La presidenza Trump sta scommettendo sulla guerra?

Il presidente usa la dottrina della forza e sfida i suoi elettori anti-interventisti, promette la pace e nel frattempo prepara altri bersagli. Il mondo Maga dice: aspettiamo, ma si fida poco

La decisione del presidente Donald Trump, sabato, di colpire gli impianti di arricchimento nucleare dell’Iran è stata una scommessa straordinaria: eliminare un programma nucleare che ha tormentato più presidenti, evitando al contempo un altro lungo conflitto in medio oriente del tipo che lui e i suoi sostenitori hanno a lungo condannato.

Quel che accadrà adesso avrà conseguenze profonde per la sua presidenza. Se l’Iran sarà sufficientemente indebolito da non poter reagire in modo significativo, Trump avrà inflitto un colpo a un avversario storico, inviando un messaggio a Cina, Russia e ad altri rivali globali: non esiterà a usare la forza militare quando necessario.

Ma se l’Iran non accetterà la pace secondo i termini di Trump, la promessa del presidente secondo cui “ci sono molti altri obiettivi”, apre la porta a un conflitto molto più profondo e potenzialmente più lungo. E già questa prospettiva sta irritando alcuni membri della sua base politica.

La decisione di Trump di colpire l’Iran rappresenta un’inversione clamorosa per un presidente che ha costruito il proprio potere, un decennio fa, anche grazie al rifiuto della guerra in Iraq. Ha condannato l’ex presidente George W. Bush per quella guerra e ha promesso di non prosciugare le casse statunitensi per ingerenze estere che costavano vite americane e, secondo lui, non portavano alcun reale beneficio agli interessi degli Stati Uniti. Negli ultimi mesi, Trump sembrava talmente focalizzato su uno sforzo diplomatico con Teheran da preoccupare persino i falchi repubblicani ostili all’Iran.

Tutto questo è finito sabato, con un attacco a lungo raggio e condotto in modalità stealth, che ha utilizzato una delle bombe convenzionali più potenti dell’arsenale statunitense contro gli impianti nucleari iraniani, sepolti in profondità sotto le montagne.

In un discorso di tre minuti dalla Casa Bianca, sabato sera, Trump ha definito l’operazione “un successo militare spettacolare”.

“Le principali strutture di arricchimento nucleare dell’Iran sono state completamente e totalmente obliterate”, ha dichiarato.

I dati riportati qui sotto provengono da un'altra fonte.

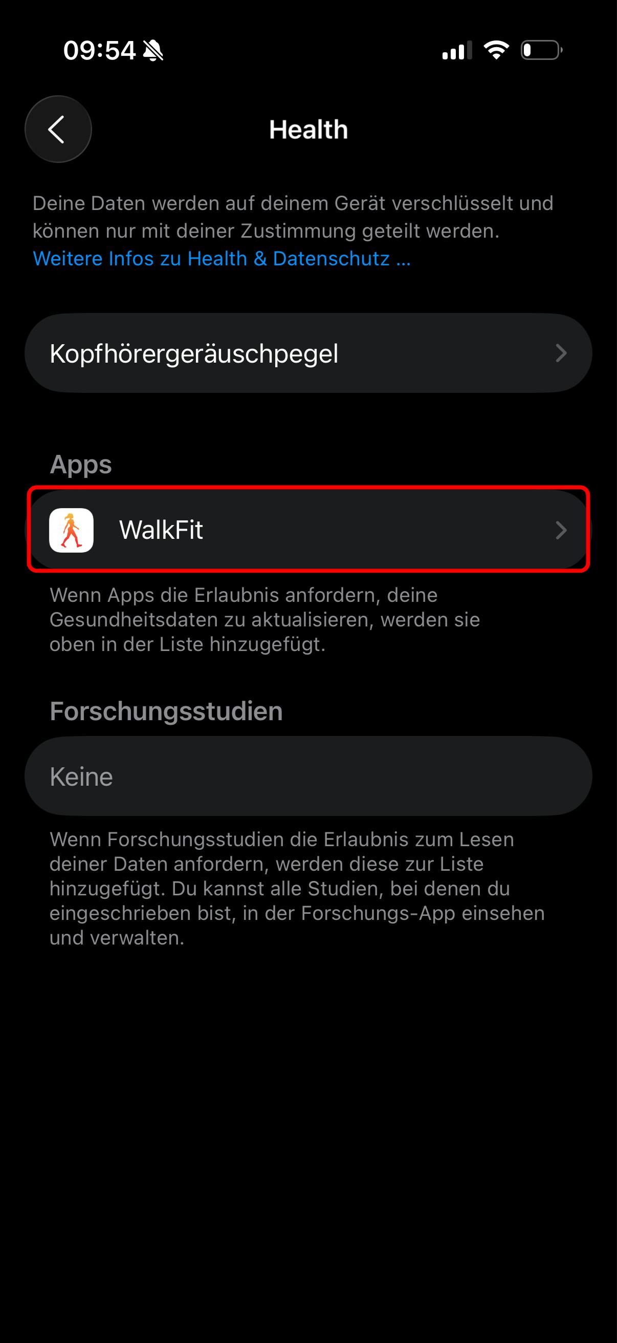 Um zu überprüfen, ob WalkFit mit der Gesundheits-App synchronisiert ist, gehe bitte zu Einstellungen auf deinem Handy > Datenschutz > Gesundheit > WalkFit.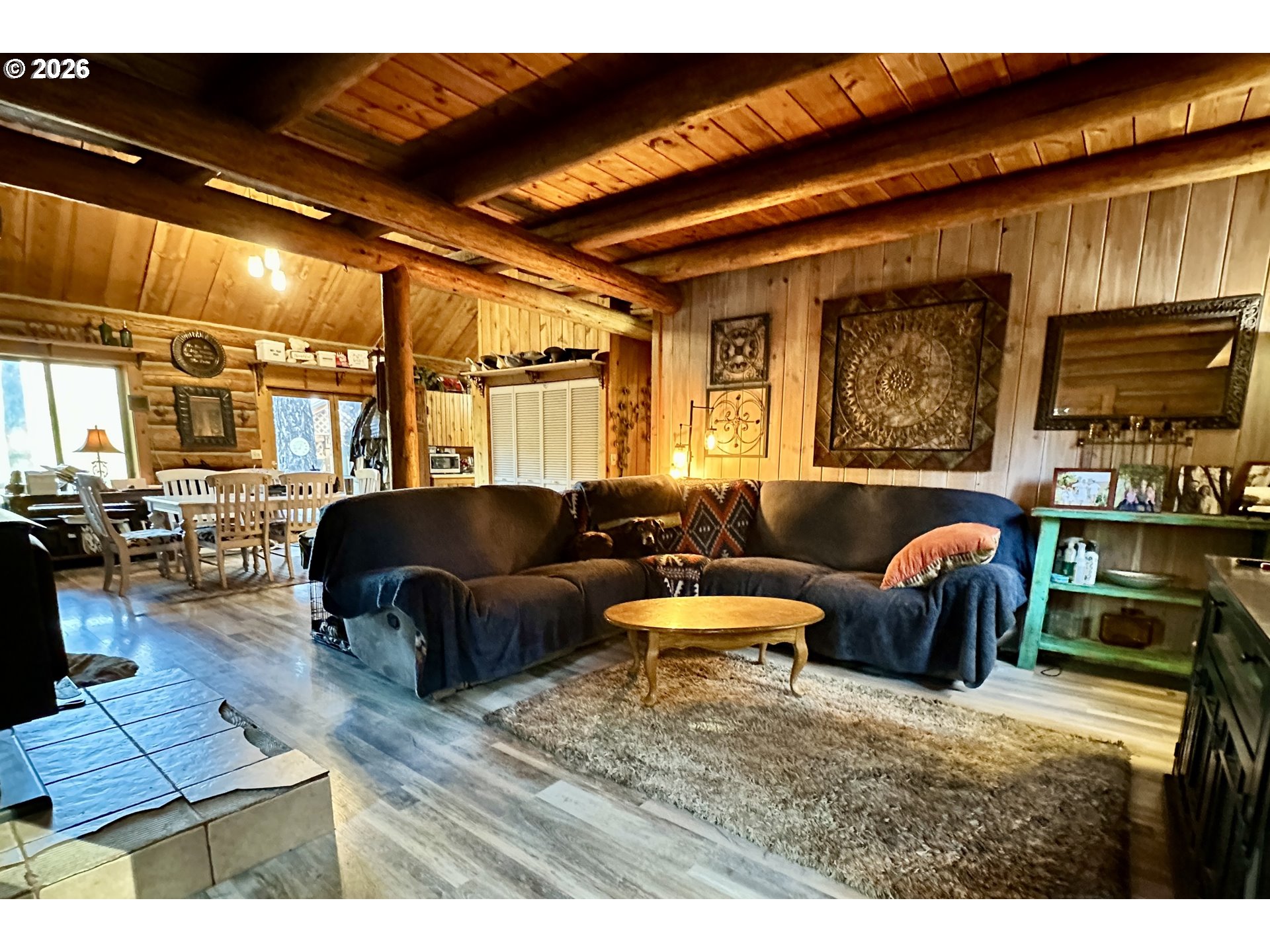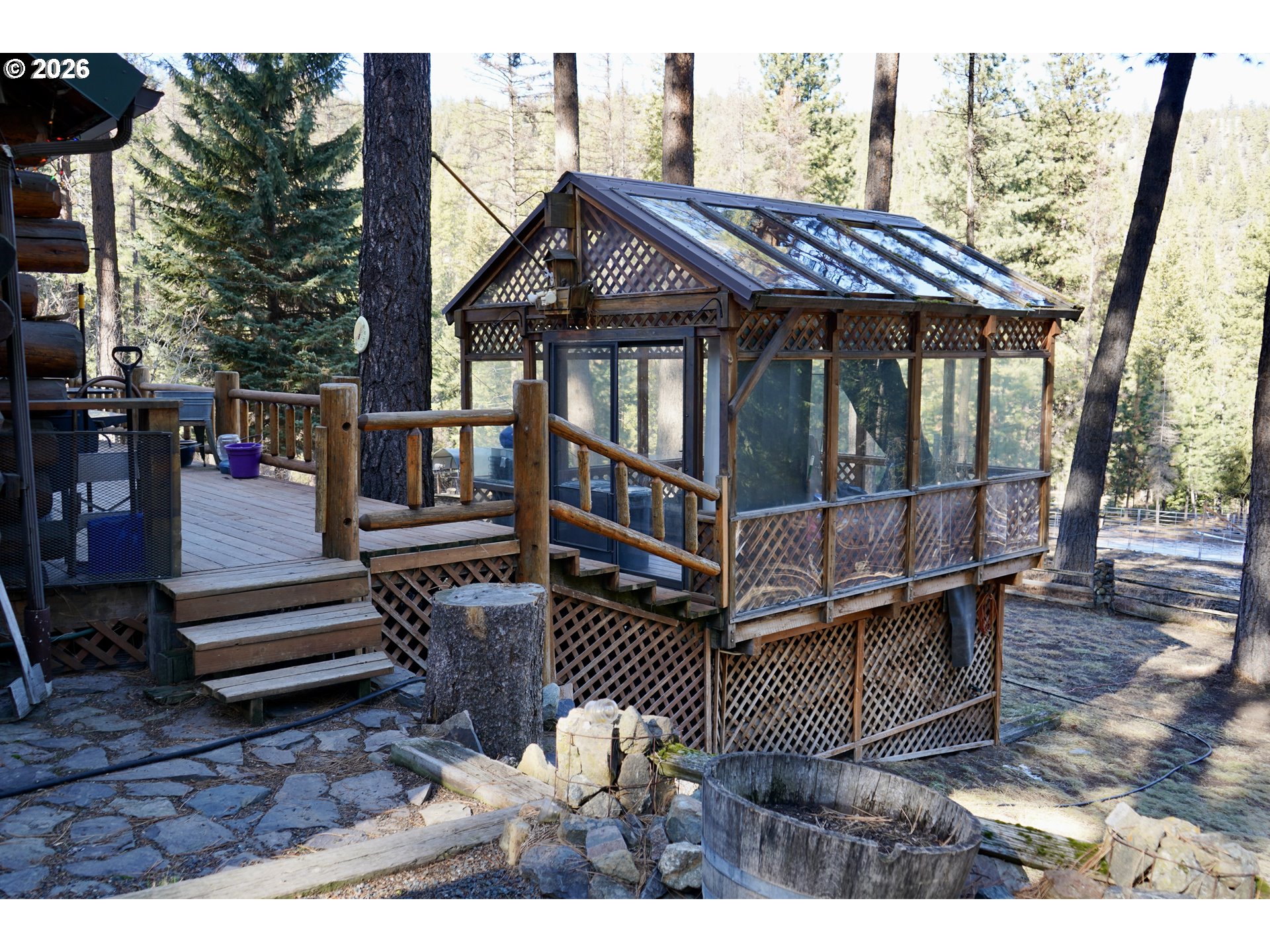 (503) 893-8874Discover the perfect blend of privacy, beauty, and self-sufficient living with this custom-built log home on timbered acreage just several miles from John Day. This property offers a rare combination of usable land and abundant water – ideal for homesteading, rural living, or a private retreat. The custom log home offers warm character and thoughtful design, featuring a main-level living room plus a second living area upstairs. The kitchen includes a propane range. Heating is provided by a wood fireplace with oil backup heat; the hot water heater also runs on oil. The home is supplied by one of several springs on the property, providing abundant water year-round. Step outside onto the expansive 621+/- square-foot deck and take in sweeping views of the irrigated meadow and the John Day Valley. A greenhouse connected to the deck extends your growing season, while attractive landscaping enhances the homesite. A log guest cabin with electricity sits near the main home. The 1,776+/- square-foot shop includes a loft for additional storage and is currently set up with half used as a workshop and half as a gym. Two powered shipping containers provide additional storage options. Access is provided by a well-maintained graveled road. The land is beautifully timbered with multiple conifer species and includes 3.5 acres of flood irrigation water rights. The irrigated meadow is fully enclosed with electric fencing and is ideal for hay production, horses, or a few cows. Pine Creek flows year-round through the property, complemented by several spring-fed ponds. A larger pond with a dock creates a peaceful setting to relax and enjoy the sounds of nature. Wildlife is abundant, with mule deer, turkey, and other native species frequently seen on the property. This property is perfectly suited for those seeking privacy and rural living without sacrificing proximity to town. *Shown by appointment only to pre-qualified buyers – Contact your agent to schedule a tour- Do not trespass*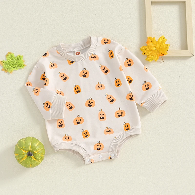 Comprar VISgogo-Pelele de Halloween para bebé de 0 a 24 meses, mono de manga larga con cuello redondo, estampado de calabaza/Lazo, traje de otoño para recién nacido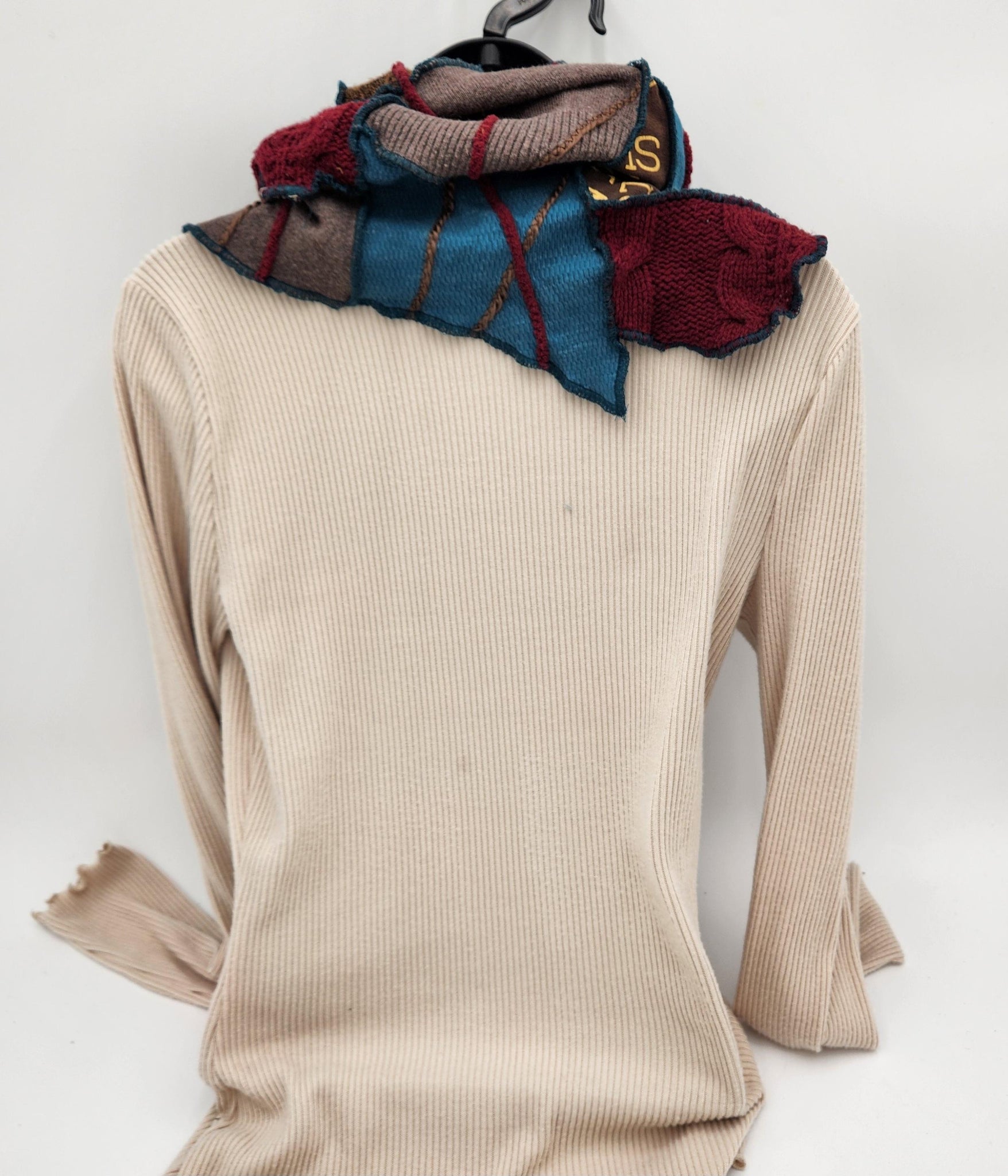 upcycled scarf, swag scarf, sweater scarf, cowl neck scarf, handmade scarf, couture trend, eco-conscious, josie t. designs, reclaimed textiles, repurposed textiles, repurposed fabric projects, DIY upcycled scarf, re-purposed fabric projects, textile art scarf

Non ha dato alcuna indicazione di aver dispiegato truppe sul terreno.

Affiancato dal vicepresidente JD Vance, dal segretario di Stato Marco Rubio e dal segretario alla Difesa Pete Hegseth, Trump ha lanciato una minaccia chiara all’Iran: “Ci sarà o la pace, oppure una tragedia per l’Iran, ben più grave di quanto abbiamo visto negli ultimi otto giorni”, ha detto, avvertendo che gli Stati Uniti potrebbero spingersi molto oltre sulla via della guerra.

“Ci sono molti altri obiettivi”, ha aggiunto. “Se la pace non arriverà rapidamente, colpiremo anche quegli altri obiettivi con precisione, rapidità e abilità”.

Ma l’Iran ha una popolazione doppia rispetto all’Iraq, e un governo che da decenni dimostra capacità di proiezione del potere ben oltre i propri confini. Se dovesse colpire truppe o cittadini statunitensi, il conflitto potrebbe rapidamente intensificarsi — una delle ragioni per cui nessun presidente americano, prima di Trump, aveva mai tentato un attacco militare contro il programma nucleare iraniano.

“E’ stata una scommessa enorme da parte del presidente Trump, e nessuno sa ancora se darà i suoi frutti”, ha dichiarato il senatore Jack Reed (democratico del Rhode Island), massimo esponente del suo partito nella Commissione Forze Armate.

Gli ex presidenti Barack Obama e Joe Biden si trovarono di fronte a dilemmi simili con l’Iran e fecero una scelta diversa rispetto a Trump, anche se nessuno dei due si confrontò con un Teheran così indebolito come ora, dopo il crollo dei suoi proxy in Siria, Libano e Gaza. Quei presidenti, piuttosto che attacchi, cercarono una via diplomatica per limitare la capacità dell’Iran di costruire un’arma nucleare, temendo di essere trascinati in un conflitto indesiderato.

Sebbene Trump abbia detto che gli attacchi militari erano finalizzati a spingere l’Iran verso un accordo alle condizioni statunitensi, alcuni analisti hanno avvertito che Teheran difficilmente si piegherà sotto pressione.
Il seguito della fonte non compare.